中国の裁判官、仮想通貨の個人所有は違法ではないと意見

ビットコインの個人所有は合法

中国上海市松江区人民法院の孫潔裁判官は、中国における仮想通貨発行の合法性について、デジタル資産の個人所有は中国法の下では違法ではないとする意見を発表した。

日本語訳:
上海最高裁判所は「暗号通貨の個人所有は合法だが、トークンの発行は禁止されている」と判決した。

中国のビットコイン保有者に対する規制明確化に向けた一歩として、上海裁判所は、デジタル資産の個人所有は中国法の下では違法ではないとする意見を発表。仮想通貨は法定通貨の地位ではなく、「財産的属性」を持つ仮想商品であると記し、同裁判官は次のように述べた。

個人が仮想通貨を保有することは違法ではないが、商業団体は仮想通貨投資取引に参加したり、独自にトークンを発行したりすることさえできない。

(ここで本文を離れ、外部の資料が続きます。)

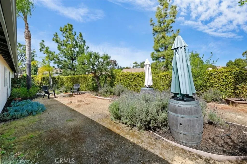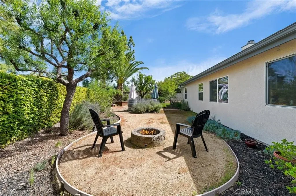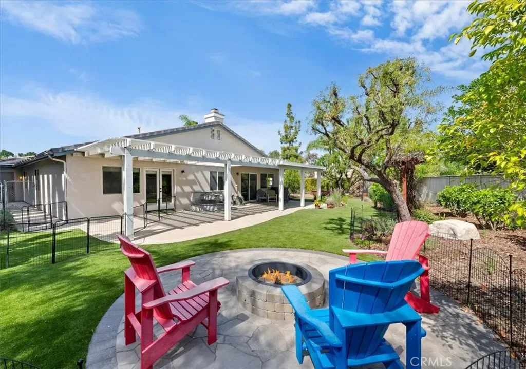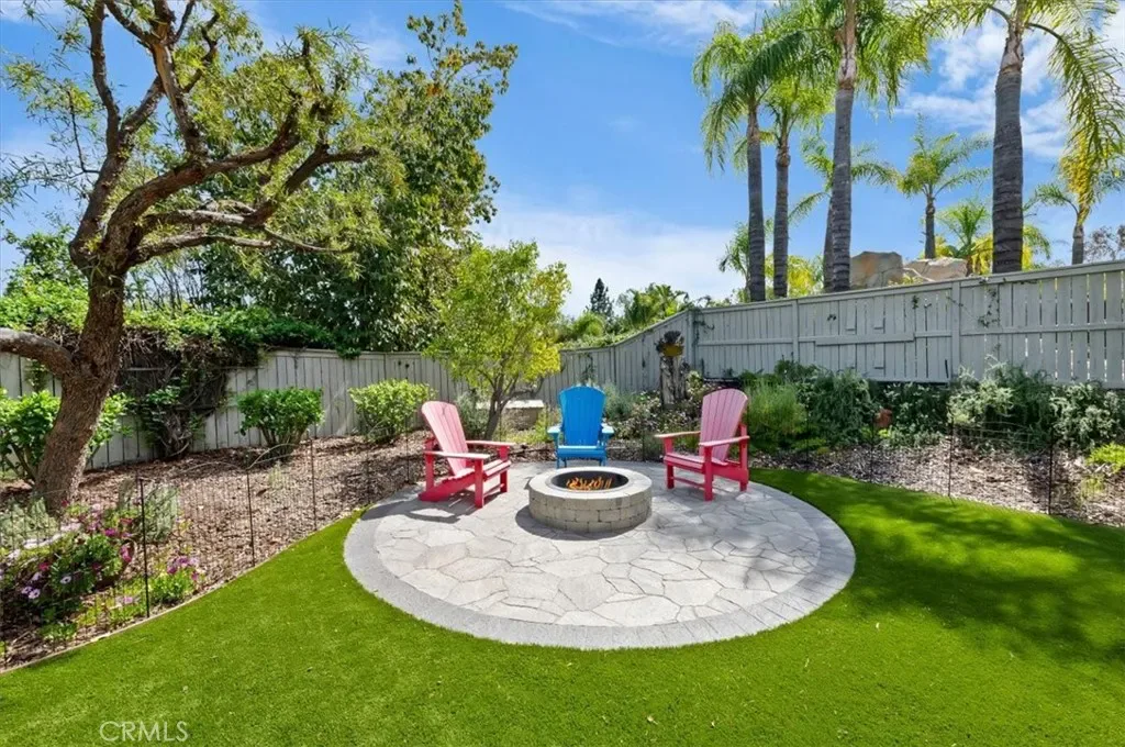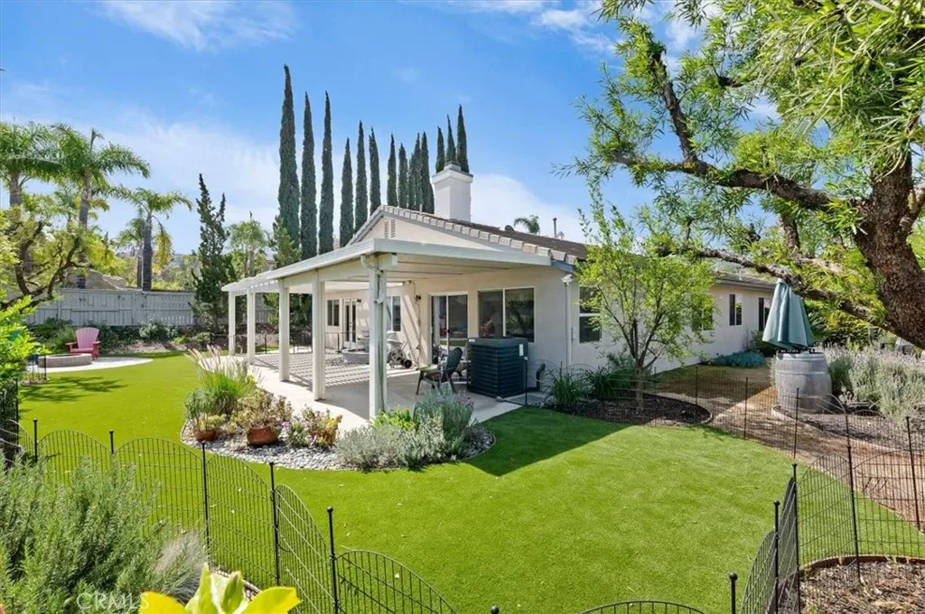 Step outside to the private backyard oasis showcasing artificial turf, water-wise landscaping, two firepits, mature Pepperwood and Italian Pine trees, lavender, a tranquil fountain, and an Alumawood patio cover—perfect for entertaining.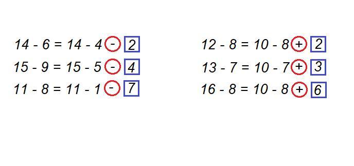 как решить примеры поставить знаки + или - вот примеры 14-6=14-4 ...,... 15-9=15-5...,... 11-8=11-1...,... 12-8=10-8...,... 13-7=10-7...,... 16-8=10-8...,...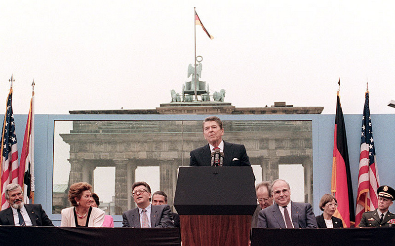 Am 12. Juni 1987 appelliert US-Pr?sident Ronald Reagan vor dem Brandenburger Tor an die Führung in Moskau: ?Mr. Gorbachev, tear down this wall!“ |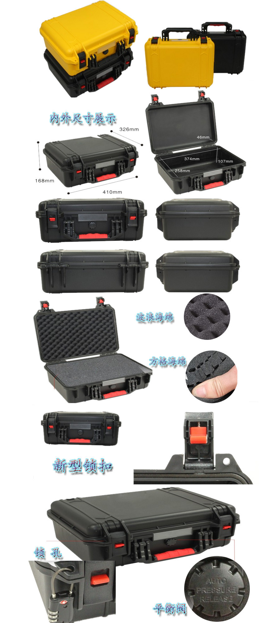 簡要說明:廣泛用于傳媒、公安、消防、軍隊(duì)、航空、戶外攝影、野外考察、科學(xué)探測等眾多領(lǐng)域的高端儀器、儀表。具有高強(qiáng)度、高抗壓沖擊、防潮、絕對(duì)密封、防塵、防水等特點(diǎn)。產(chǎn)品材質(zhì):ABS原料,箱體采用高抗沖擊的高分子聚合材料一體注塑成型,密封采用扁型彈性發(fā)泡密封橡膠條,確保防水氣密,所有較軸均采用不銹鋼材質(zhì)。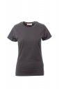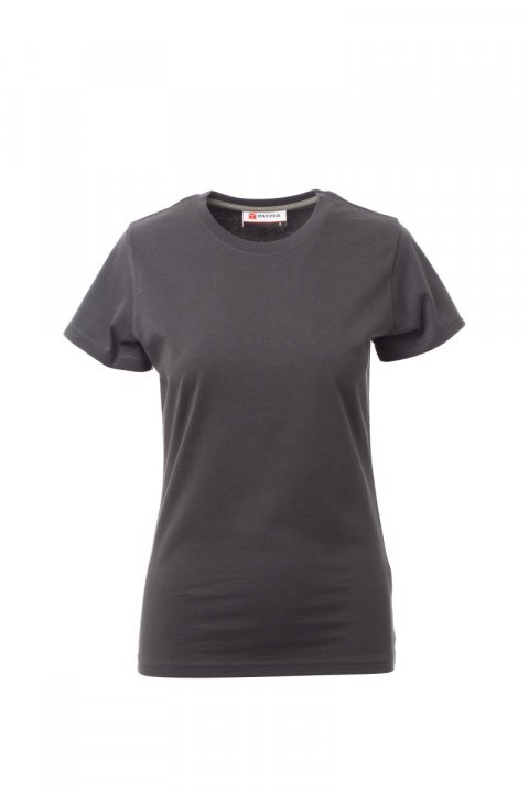 T-shirt z krótkim rękawem damski, dopasowany, dekolt okrągły, z wykończeniem dekoltu w postaci taśmy 1,5 cm ściągacza z dodatkiem spandeksu, obszycie wierzchnie z przodu, kontrastująca taśma wzmacniająca na całej szerokości barków, widoczna na spodniej części kołnierzyka, szwy elastyczne, szwy na bokach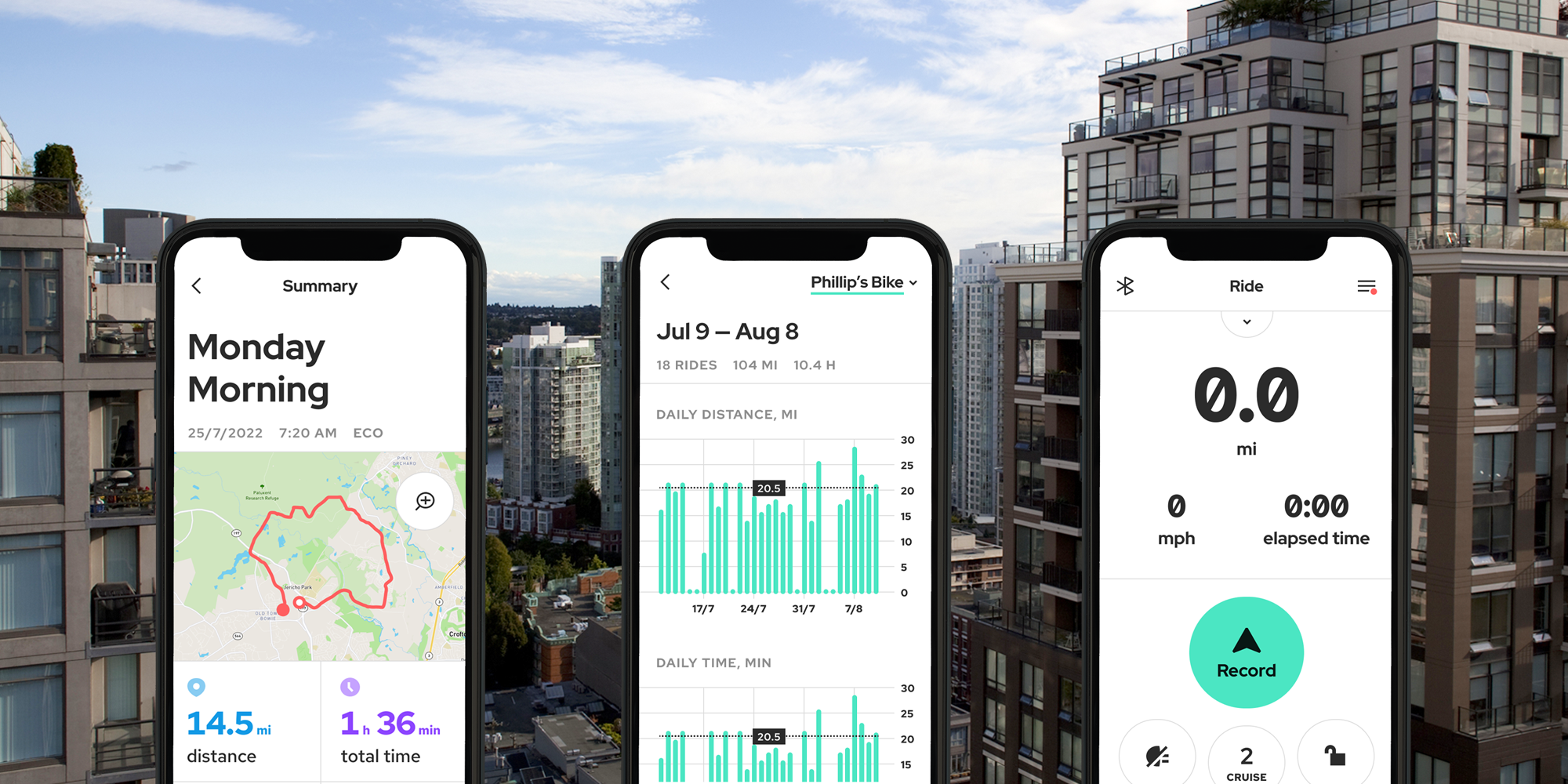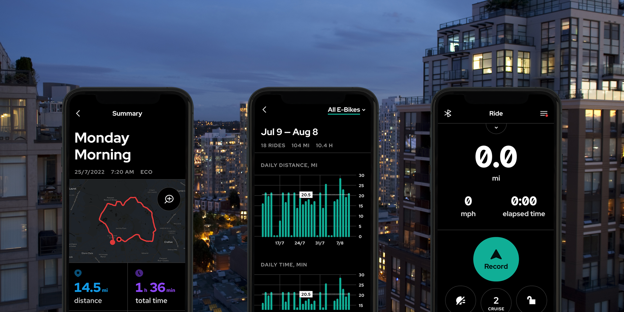 Erwecke deine E-Bike-Abenteuer zum Leben und analysiere deine Leistung, wenn du dein Ziel erreicht hast.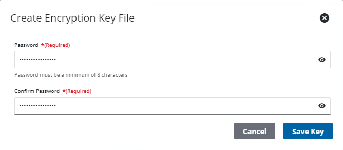 - On the Create Encryption Key File panel, enter the password in the Password and Confirm Password fields. The password must be at least eight characters long.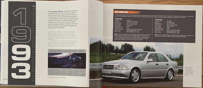 And here the book proper begins, 1993, the year AMG shared the Frankfurt Auto Show stand with M-B as an official partner. By that time the tuner movement of the 1980s had matured from a niche industry into the mainstream. In fact, M–B had long before started to offer AMG parts in their own catalogs and even gave customers the option to have them installed by the factory.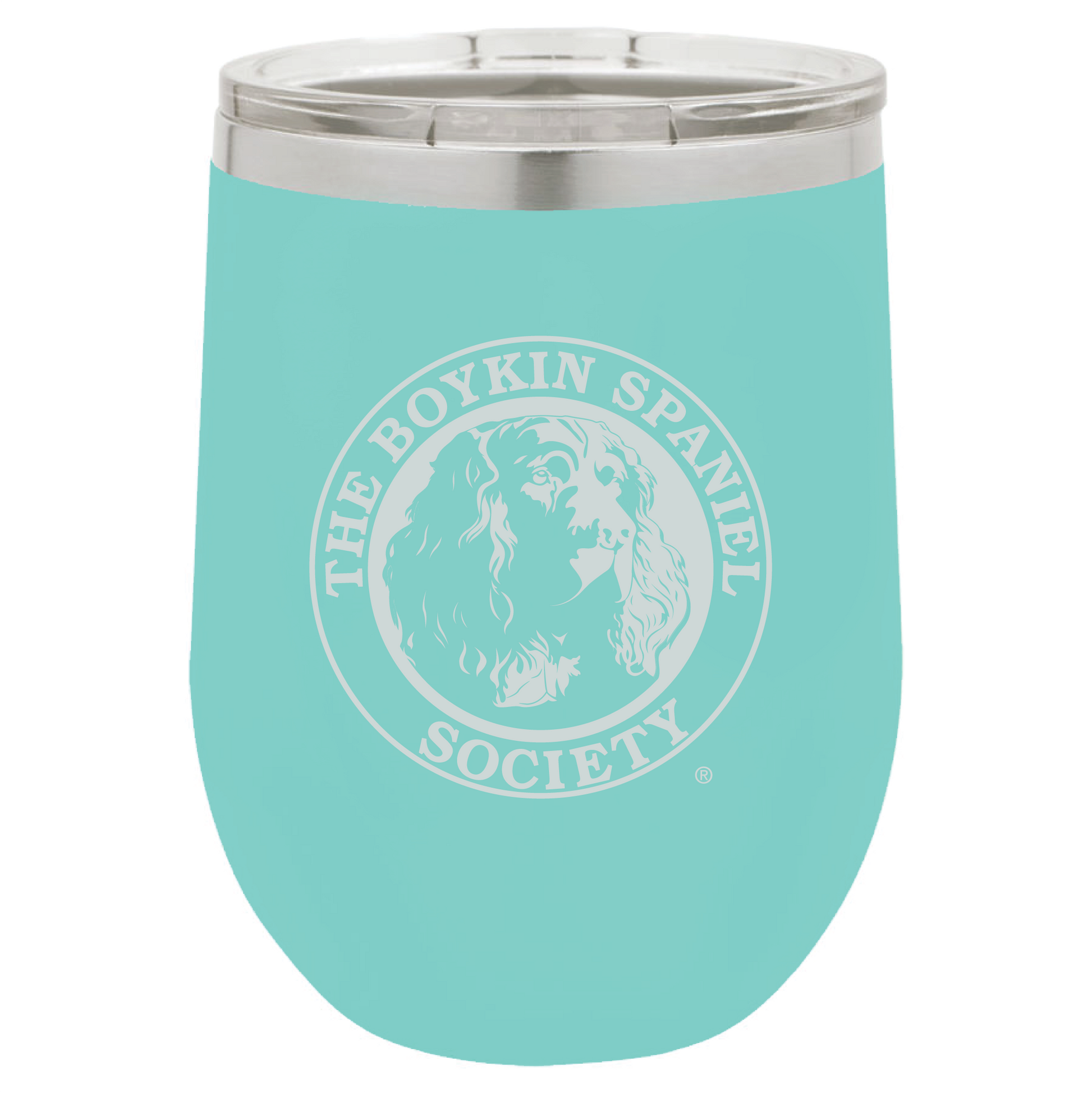 12 oz Stemless Wine Tumbler - Boykin Spaniel Society Official Seal Engraved (2 colors)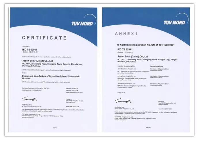 近期,全球知名光伏制造商中建材浚鑫科技有限公司(以下簡稱“中建材浚鑫”)宣布公司成功取得IEC/TS 62941: 2016質(zhì)量體系認證。據(jù)介紹,IEC/TS 62941: 2016標(biāo)準(zhǔn)對企業(yè)在質(zhì)量管理提出了更高更嚴(yán)苛的要求,目前光伏行業(yè)內(nèi)獲得此認證的企業(yè)屈指可數(shù),這也表明了中建材浚鑫近年來在質(zhì)量管理上取得了巨大的提升,已經(jīng)達到了業(yè)內(nèi)領(lǐng)先水平。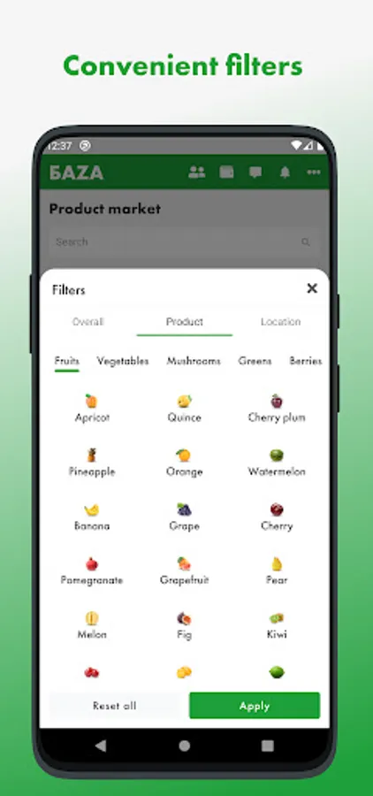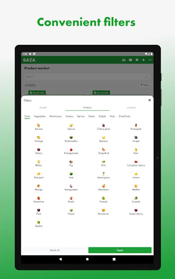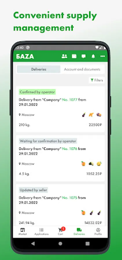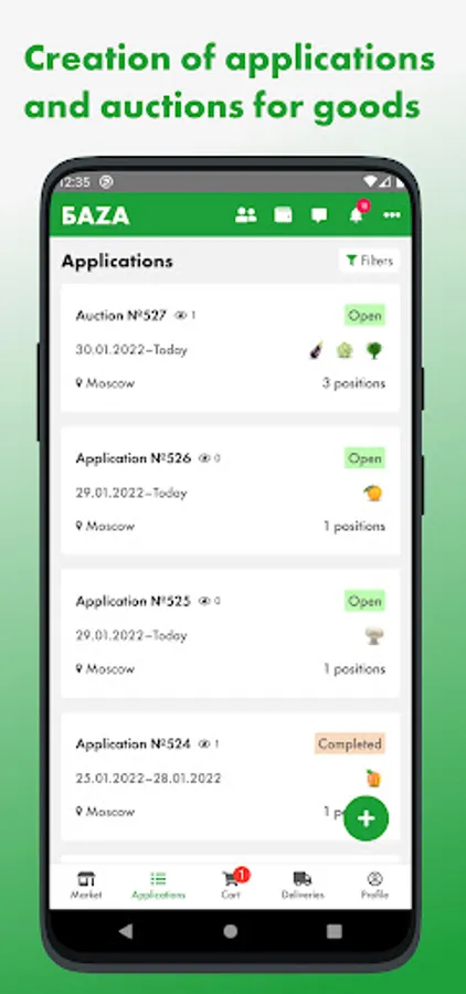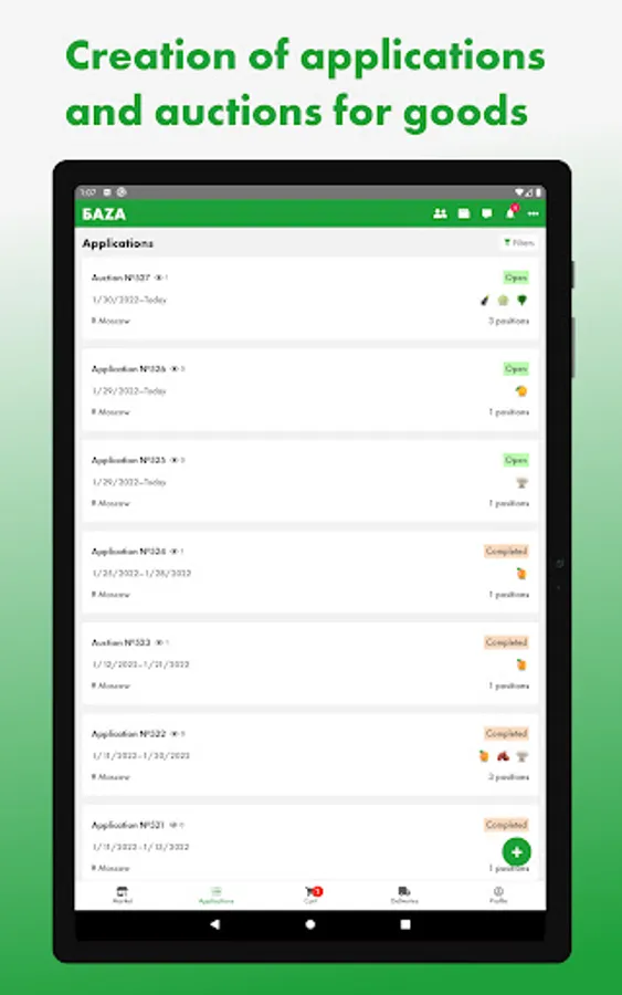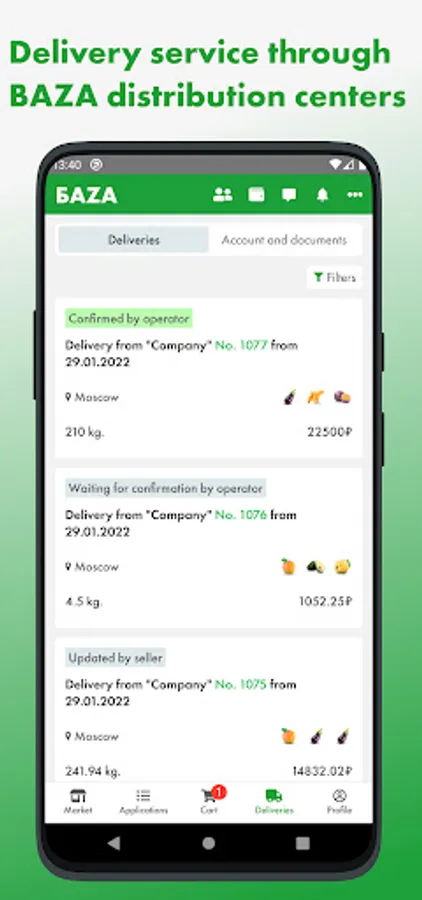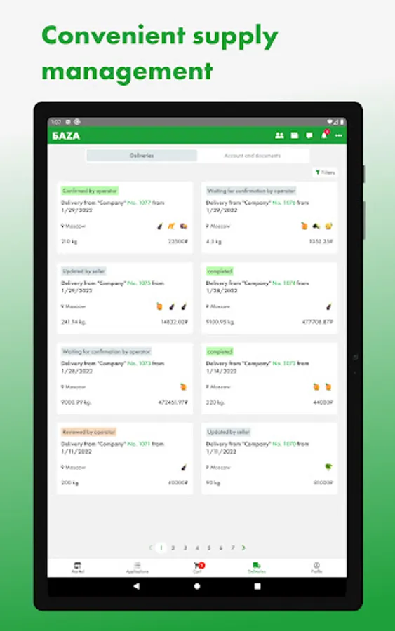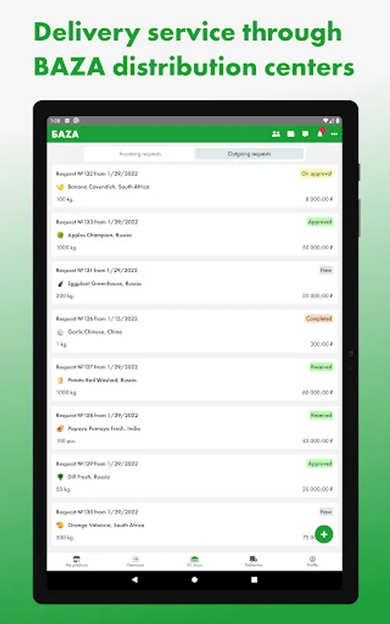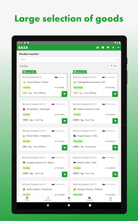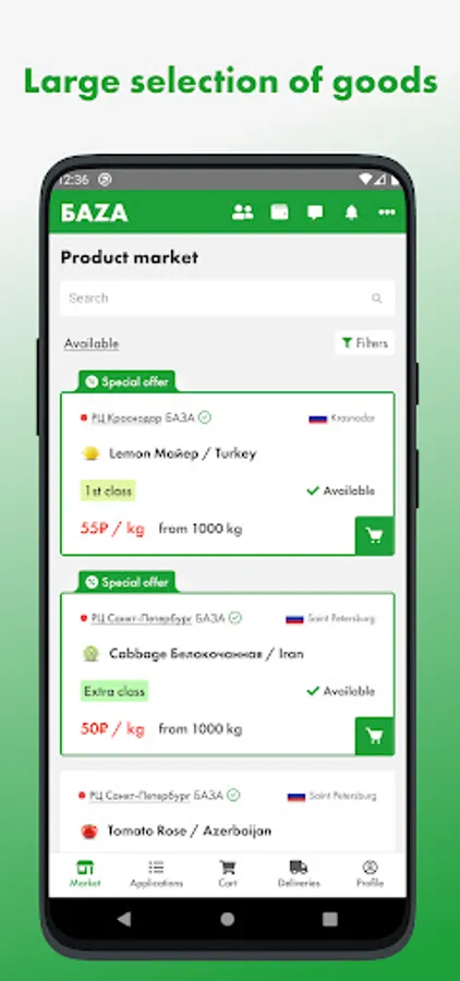 The first wholesale online market for fresh fruits and vegetables in Russia, where a lot of products from farmers and exporters is presented, ready for supply from BAZA Distribution Centers in Moscow and St. Petersburg cities.

同裁判官は、2017年のビジネス紛争に関する論評で、仮想通貨について、財産的属性を持つ商品と呼び、同裁判官の意見は中国における仮想通貨の曖昧な法的地位に光を当てている。孫潔裁判官が表明したこの意見は、上海高級人民法院の公式WeChatアカウントで公開されている。同裁判官は、個人が仮想通貨を所有することは許可されているものの、中国の企業は規制当局の承認なしに仮想通貨への投資やトークン発行は依然として禁止されていると強調した。

この明確化は、中国では違法な資金調達とみなされているICO(Initial Coin Offering:新規仮想通貨公開)をめぐる2社間紛争に関する訴訟の裁判所による審査の一環である。

個人所有は禁止されていない

中国は長い間、仮想通貨を金融の安定に対する潜在的な脅威と見なし、厳格な規制措置を講じており、政府は2017年にはICOを禁止し、仮想通貨取引所を閉鎖し、2021年にはビットコインマイニングを禁止し、仮想通貨関連の事業活動を違法と宣言することで取り締まりを強化し続けてきた。

この様な背景にもかかわらず、孫裁判官は、仮想通貨は財産のような属性を持つ仮想商品とみなされており、個人所有は禁止されていないと指摘し、次のように述べている。

法律と規制は、仮想通貨取引における投機的活動に対する厳しい取り締まりを維持している。

この考え方は、仮想通貨によって促進される違法行為に対する懸念を踏まえ、経済および金融秩序の「混乱」を防ぐという中国のより広範な戦略と一致している。

中国における規制の緊張

関連事件では、中国人民銀行のデジタル通貨研究所のヤオ・チェン(Yao Qian)元所長が仮想通貨をめぐる贈賄事件に関与したとされ、中国の規制環境の複雑さと矛盾が浮き彫りになった。

最近の判決は明確化しているが、仮想通貨の個人所有が容認されてきたことは業界関係者の間では公然の秘密であった。一部の裁判所は以前、仮想通貨は既存の法的枠組みの下で保護される財産として扱われるべきであると判決を下した。しかし、専門家からよりオープンな市場アプローチを求める声が上がっているにもかかわらず、政府が仮想通貨業界に対する厳格な規制を緩和する意向を示す兆候は依然としてない。

シュ・グアンヤオ(Zhu Guangyao)元財政副大臣は9月、仮想通貨はデジタル経済にとって「極めて重要」であると述べた。米国が仮想通貨業界を受け入れ、ドナルド・トランプ(Donald Trump)次期大統領が次期政権でビットコインを国家の戦略的備蓄として利用する計画を掲げていることから、中国は競争力を維持するために適応しなければならないと示唆している。